Using the listing below, print exactly everything from the line with "Магазин товаров для" down to the line with "Meeting with Professor", both included, and nothing more.

### Excerpted records
────

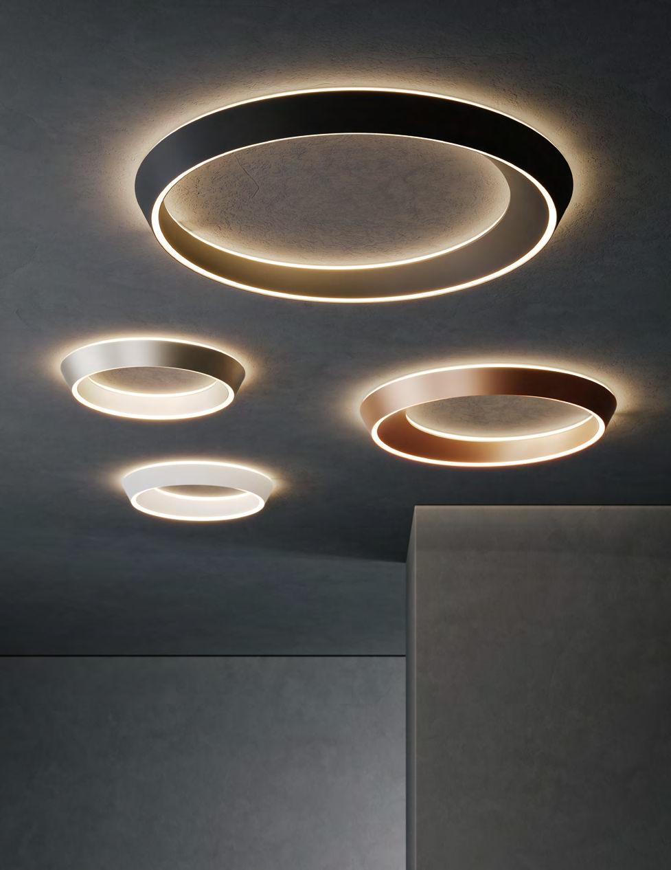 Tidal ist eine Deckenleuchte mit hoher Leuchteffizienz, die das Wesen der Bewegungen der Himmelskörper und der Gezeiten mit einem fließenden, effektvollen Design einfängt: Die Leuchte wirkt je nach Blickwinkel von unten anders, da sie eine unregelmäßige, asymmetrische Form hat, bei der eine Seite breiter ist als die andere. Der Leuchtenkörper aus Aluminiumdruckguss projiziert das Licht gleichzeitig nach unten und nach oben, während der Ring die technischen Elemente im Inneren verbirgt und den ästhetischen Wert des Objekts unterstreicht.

────

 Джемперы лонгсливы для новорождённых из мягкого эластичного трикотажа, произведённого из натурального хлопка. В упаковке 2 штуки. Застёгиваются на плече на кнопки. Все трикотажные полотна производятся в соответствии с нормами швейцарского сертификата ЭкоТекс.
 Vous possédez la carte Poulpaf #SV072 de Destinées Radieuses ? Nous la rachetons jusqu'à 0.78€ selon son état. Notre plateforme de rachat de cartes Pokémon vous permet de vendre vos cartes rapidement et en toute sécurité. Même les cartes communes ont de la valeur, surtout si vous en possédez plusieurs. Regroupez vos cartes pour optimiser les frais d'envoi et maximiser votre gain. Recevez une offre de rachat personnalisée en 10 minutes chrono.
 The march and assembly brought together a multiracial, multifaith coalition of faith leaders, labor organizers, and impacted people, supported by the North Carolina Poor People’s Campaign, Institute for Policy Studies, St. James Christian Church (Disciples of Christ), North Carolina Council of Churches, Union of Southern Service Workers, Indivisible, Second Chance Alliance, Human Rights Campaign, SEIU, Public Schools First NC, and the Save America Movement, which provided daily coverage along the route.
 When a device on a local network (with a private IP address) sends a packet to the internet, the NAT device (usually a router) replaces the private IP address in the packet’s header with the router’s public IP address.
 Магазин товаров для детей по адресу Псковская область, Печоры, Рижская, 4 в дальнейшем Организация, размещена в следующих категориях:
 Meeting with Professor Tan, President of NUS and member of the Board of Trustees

────

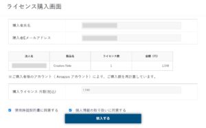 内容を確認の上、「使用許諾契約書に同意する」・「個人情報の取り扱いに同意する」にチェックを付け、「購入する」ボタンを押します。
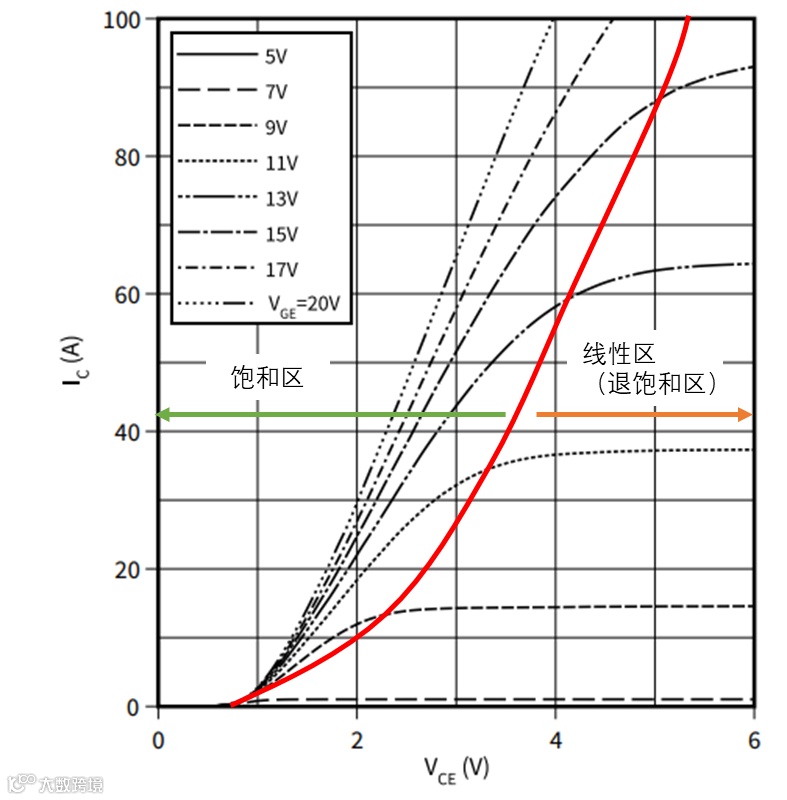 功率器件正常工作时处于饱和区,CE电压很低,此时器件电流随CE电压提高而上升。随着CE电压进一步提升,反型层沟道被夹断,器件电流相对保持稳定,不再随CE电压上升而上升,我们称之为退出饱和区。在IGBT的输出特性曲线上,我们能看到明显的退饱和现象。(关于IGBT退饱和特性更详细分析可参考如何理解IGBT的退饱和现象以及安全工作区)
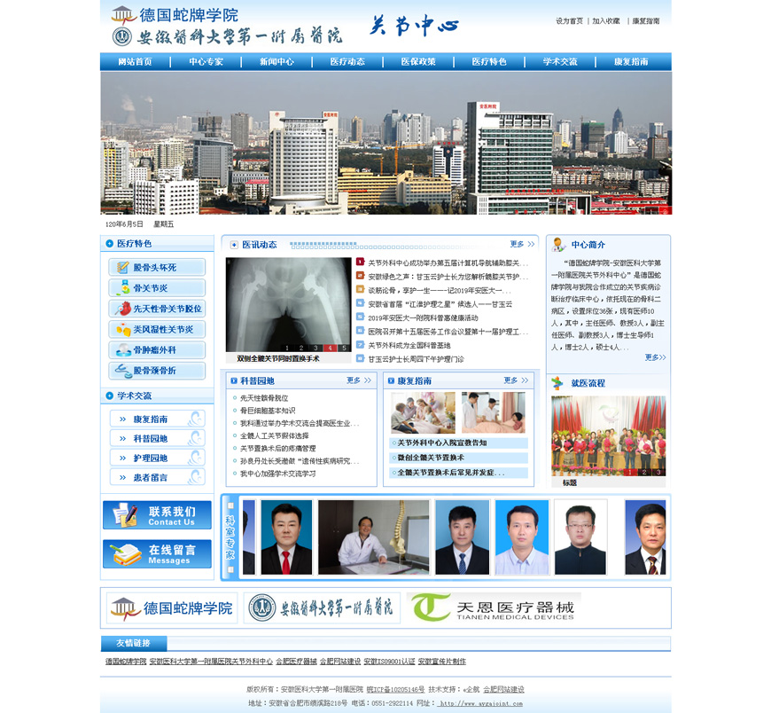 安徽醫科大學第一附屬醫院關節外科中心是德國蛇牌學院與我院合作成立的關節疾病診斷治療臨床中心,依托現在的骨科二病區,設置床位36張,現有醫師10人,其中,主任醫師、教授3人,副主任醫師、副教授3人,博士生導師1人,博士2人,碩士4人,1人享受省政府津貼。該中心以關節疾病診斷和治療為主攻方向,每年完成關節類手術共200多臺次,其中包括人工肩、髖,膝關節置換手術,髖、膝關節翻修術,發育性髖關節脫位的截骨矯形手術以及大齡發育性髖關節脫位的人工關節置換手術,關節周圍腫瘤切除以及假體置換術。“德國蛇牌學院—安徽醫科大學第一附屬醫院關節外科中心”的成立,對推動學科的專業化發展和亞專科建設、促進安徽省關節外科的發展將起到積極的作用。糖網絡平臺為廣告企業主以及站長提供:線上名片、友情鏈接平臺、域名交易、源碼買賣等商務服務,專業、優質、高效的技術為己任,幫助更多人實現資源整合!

────

### Solution to this task
 Магазин товаров для детей по адресу Псковская область, Печоры, Рижская, 4 в дальнейшем Организация, размещена в следующих категориях:
 Meeting with Professor Tan, President of NUS and member of the Board of Trustees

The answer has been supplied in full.